Darryl Collins came to Cambodia at the beginning of 1994, as part of a restoration project working with the staff of the National Museum of Cambodia. Completion of repairs to the roof and other renovations were marked by a ceremony attended by King Sihanouk and the then Governor-General of Australia, The Hon. Bill Hayden, AC, on 28 April 1995.  Darryl returned briefly to Australia, but his Phnom Penh experience was to change his life; he resigned his job at the Australian National Gallery and was soon back in Cambodia teaching English at Australian Centre for Education, a connection that he retained for many years as a teacher and an examiner.  He encouraged many young Cambodians to pursue further study overseas.

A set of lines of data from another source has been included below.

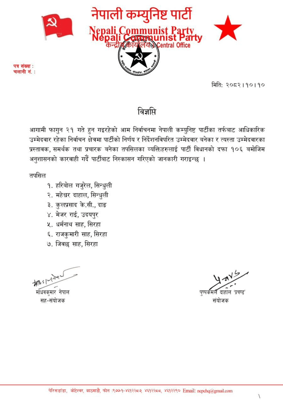 पार्टीले सार्वजनिक गरेको विज्ञप्तिमा आधिकारिक उम्मेदवार तोकिएका निर्वाचन क्षेत्रमा पार्टी निर्णय र निर्देशनको अवज्ञा गर्दै उम्मेदवार बनेका तथा त्यस्ता उम्मेदवारका प्रस्तावक, समर्थक र प्रचारक बनेकाहरूलाई पार्टी विधानको दफा १०६ अनुसार निष्कासन गरिएको स्पष्ट उल्लेख गरिएको छ।
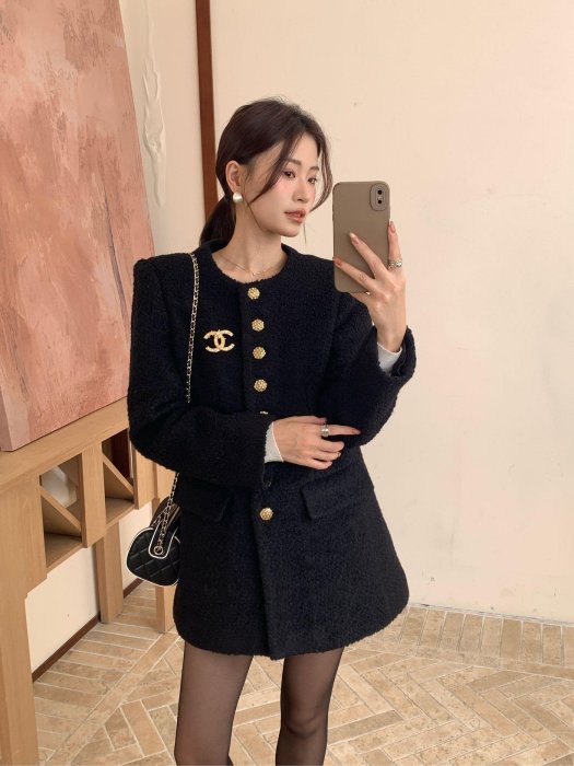 優寶購物《ubao.Tw》特貨品商城,黑貓宅配,取貨付款,高級感冬季外套 25新款 雙C水鑽胸針裝飾夾棉外套大衣 復古單排扣設計 是人生大衣沒錯了 採用羊卷毛面料 表面帶有顆粒肌理感 很高級 內里夾棉設計 保暖效果 | Yahoo拍賣
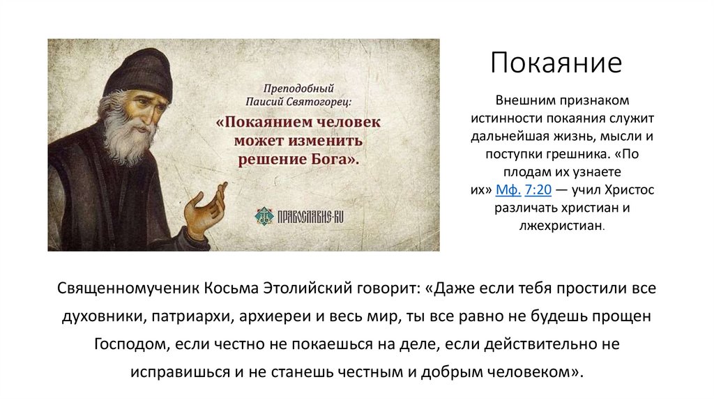 Что служит внешним признакомистинности покаяния?
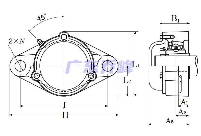 軸承型號:CM-UKFLX09D1(配合軸承:HA2309),雙螺栓菱形法蘭式軸承座單元,鑄造外殼,帶緊定襯套,鑄造防塵蓋,封閉端蓋,UKFL型
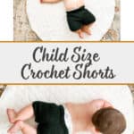 If you’ve ever thought of crocheting shorts for a baby, this pattern is for you! Whether you’re crocheting a pair of shorts for a newborn photo shoot, or to wear in the summer, or as a baby shower gift etc, these child size crochet shorts work up super fast and don’t take much yarn either!
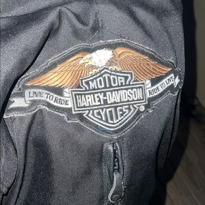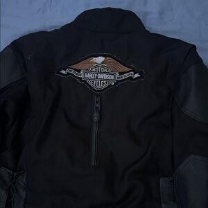 Sleek black jacket with iconic Harley-Davidson emblem. Ideal for riders.
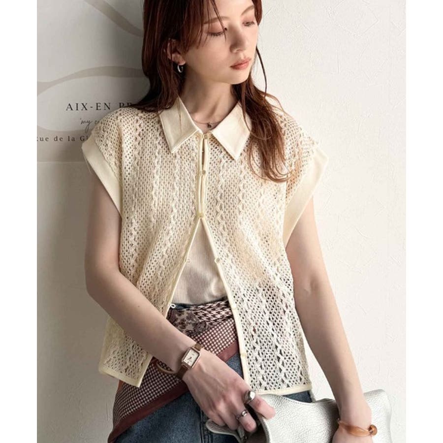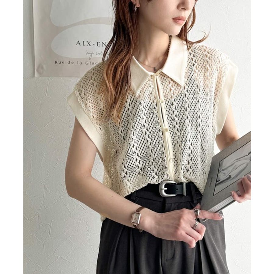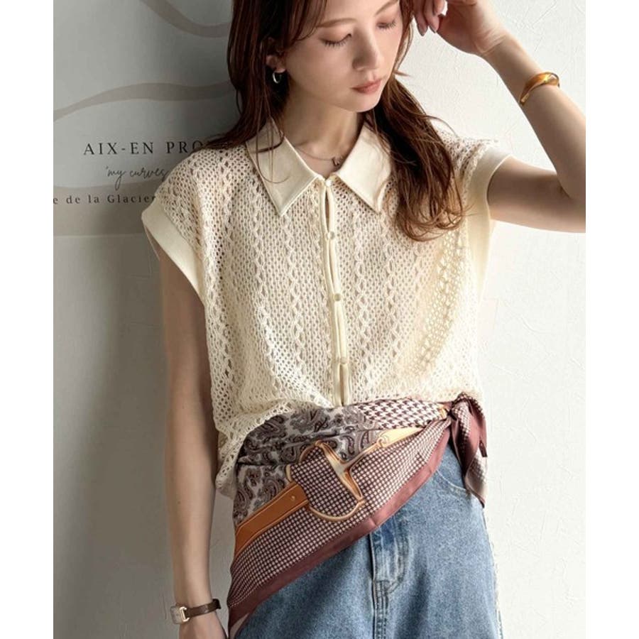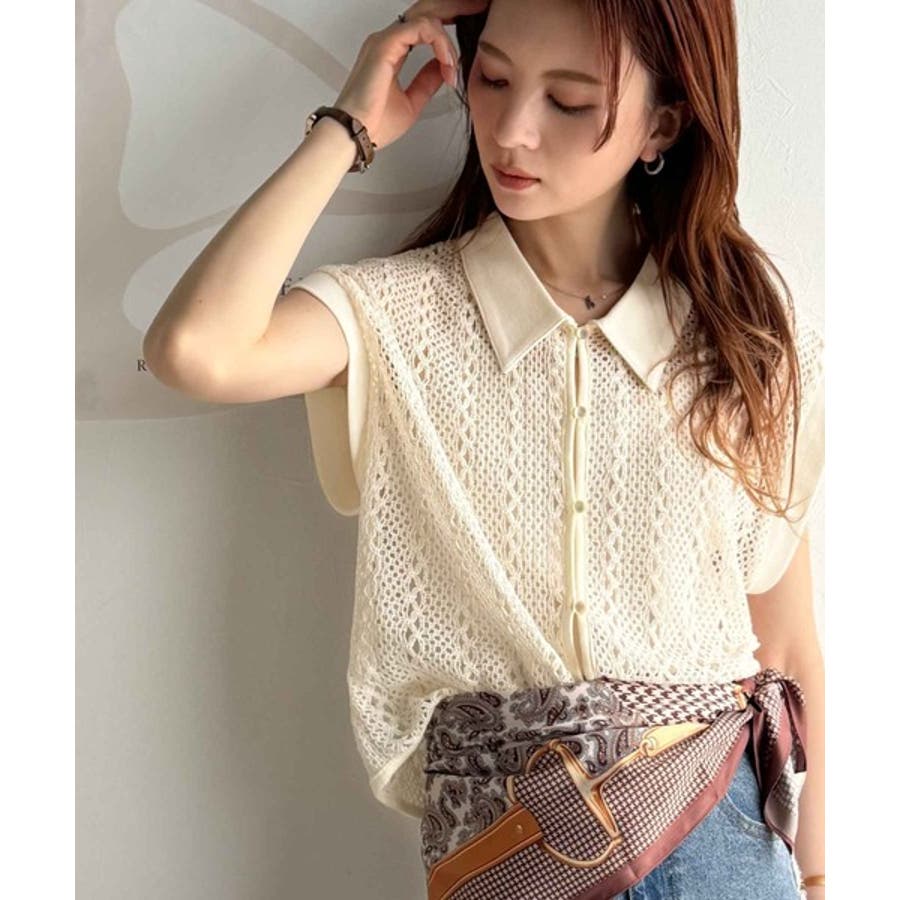 品の良さ漂う、大人カジュアル。クロシェ風レース素材衿付きフレンチスリーブシャツブ…
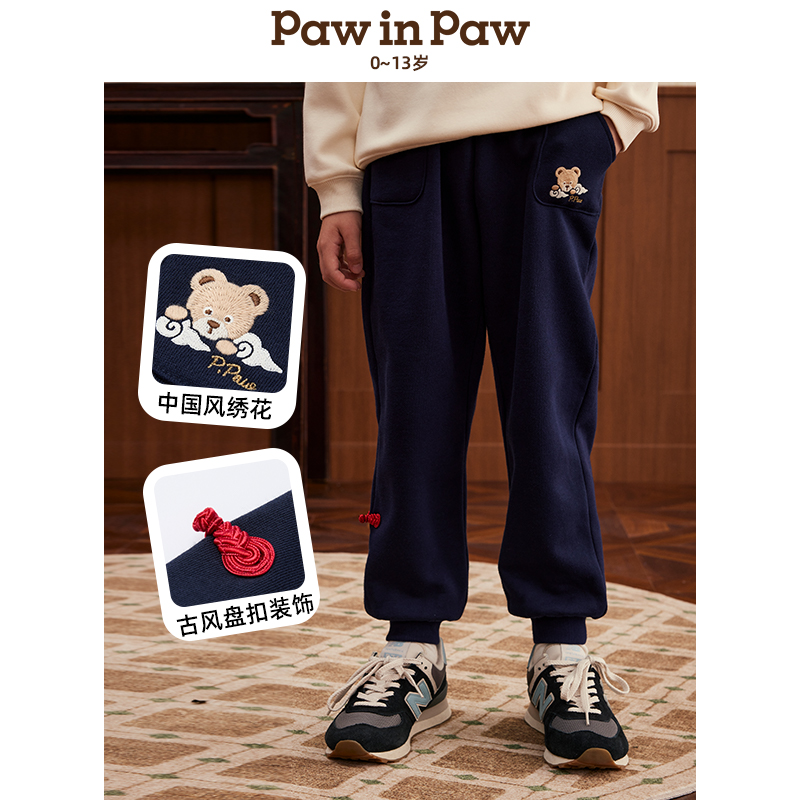 25年春新款 暖燚绒PawinPaw卡通小熊童装 男童加绒长裤 新年系列
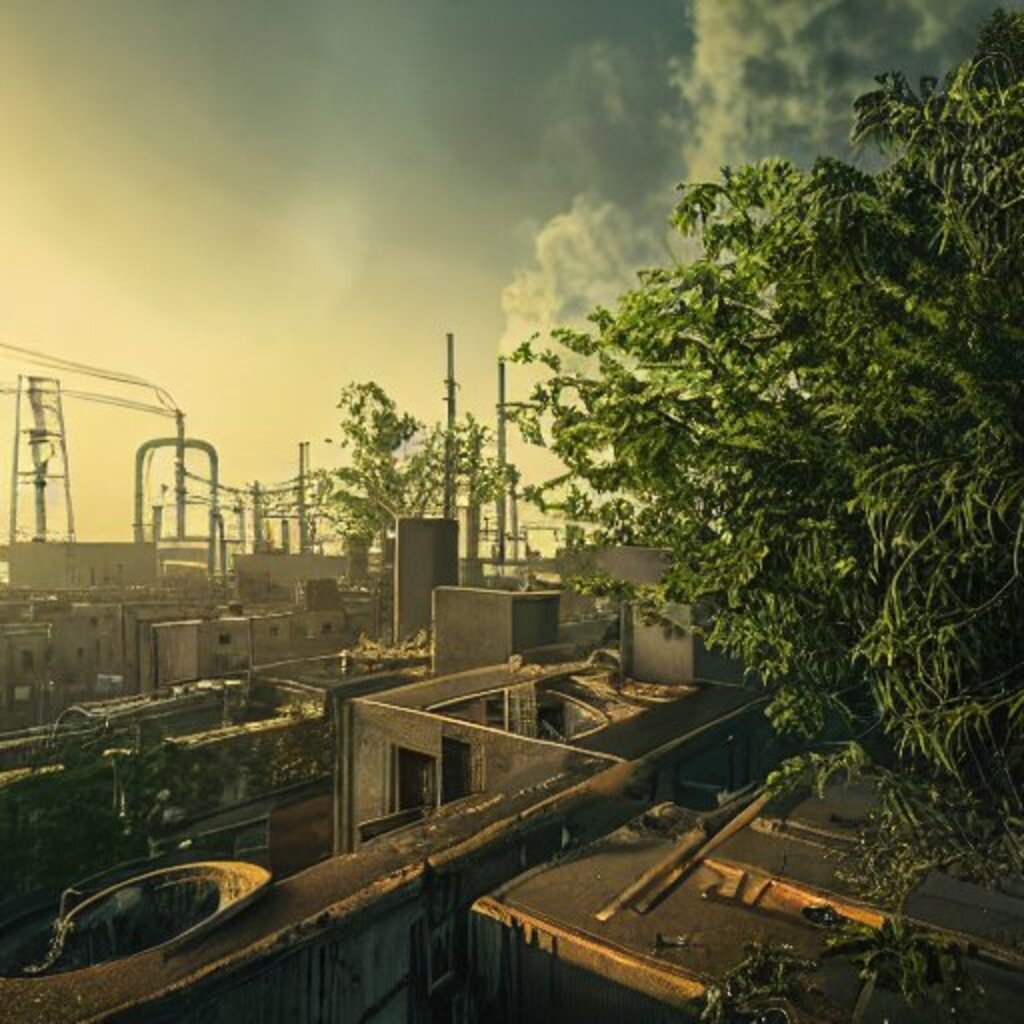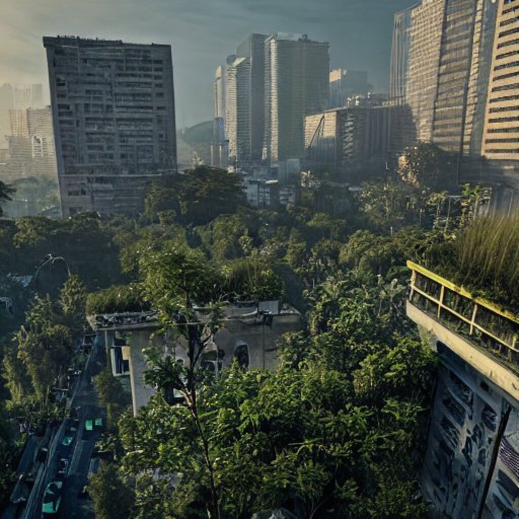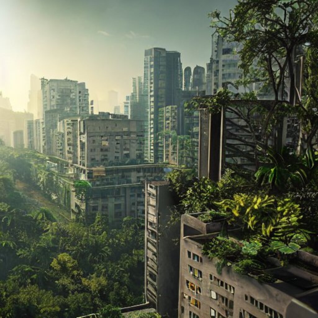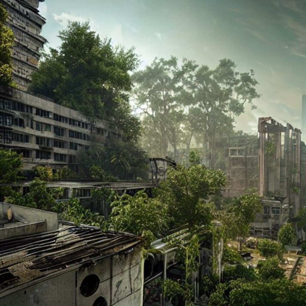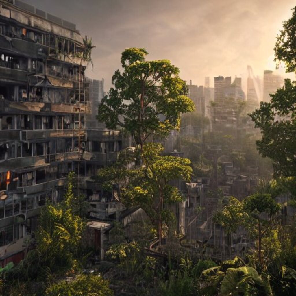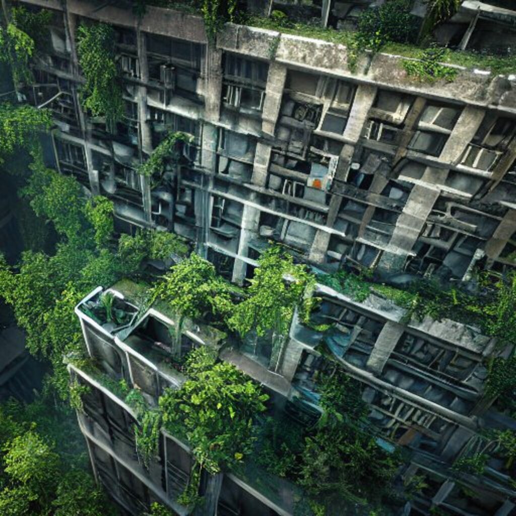 watching down from a rooftop to the overgrown abandoned ruins of mega city, toxic air, green sunset, green plant and trees, corona render, matte painting, god rays volume light, 4k, hyperrealistic, focused, 8 k, high details, unreal engine 5, cinematic, masterpiece
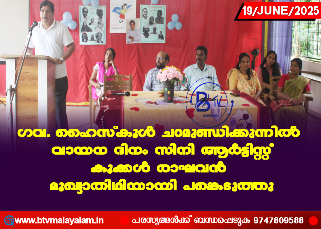 ചാമുണ്ഡിക്കുന്ന്: ഗവ. ഹൈസ്കൂൾ ചാമുണ്ഡിക്കുന്നിൽ ജൂൺ 19 വായന ദിനം വിപുലമായ പരിപാടികളോടെ സംഘടിപ്പിച്ചു. സ്കൂൾ ഓഡിറ്റോറിയത്തിൽ വെച്ച് നടന്ന ചടങ്ങിൽ പ്രധാനാധ്യാപകൻ പി.അശോകൻ സ്വാഗതം പറഞ്ഞു.…
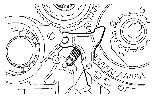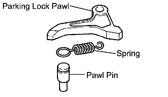 (b) Temporarily install the parking lock pawl, shaft and spring to the transaxle case, as shown in the illustration.

From late 1999, Darryl was a lecturer at the Royal University of Fine Arts in the Department of Archaeology. During this time the chance finding of a very large collection of small black and white photographs of buildings in Cambodia led to a seven-year research project – he worked with fellow RUFA teacher and architect Helen Grant Ross and architectural student /researcher Hon Sokol produced a groundbreaking work, Building Cambodia: New Khmer Architecture 1953-1970, which was published in December 2006. 
 
As Manager of the Collection Inventory Project in 2004 Darryl directed the important task of creating a digital register of the entire collection of the National Museum, including the transfer of all the early French records.  Darryl continued to conduct research, further developing his understanding and appreciation of Khmer culture and civilisation, including a one-year consultancy for the Department of Culture and Research of the APSARA Authority, ceaselessly lecturing and writing articles for publication in local and international journals and newsletters.  Darryl delighted in sharing his knowledge with students, the general public and other scholars and interested visitors to the kingdom.  He was appointed to the Board of Heritage International and was still a board member at the time of his death.
 
Once Darryl moved to Siem Reap in 2008, he became a well known figure in the community and was widely respected for his knowledge of Khmer history and culture. He donated a collection from his own library when the Centre for Khmer Studies Library was establishing its Southeast Asia collection in 2001.

His personal belief in the need to preserve and document traditional Khmer wooden houses and the need to encourage Cambodians to value these beautiful dwellings is the light that shines on every page of his last book, Cambodian Wooden Houses: 1,000 years of Khmer heritage, co-authored with Hok Sokol, published by SIPAR, 2021.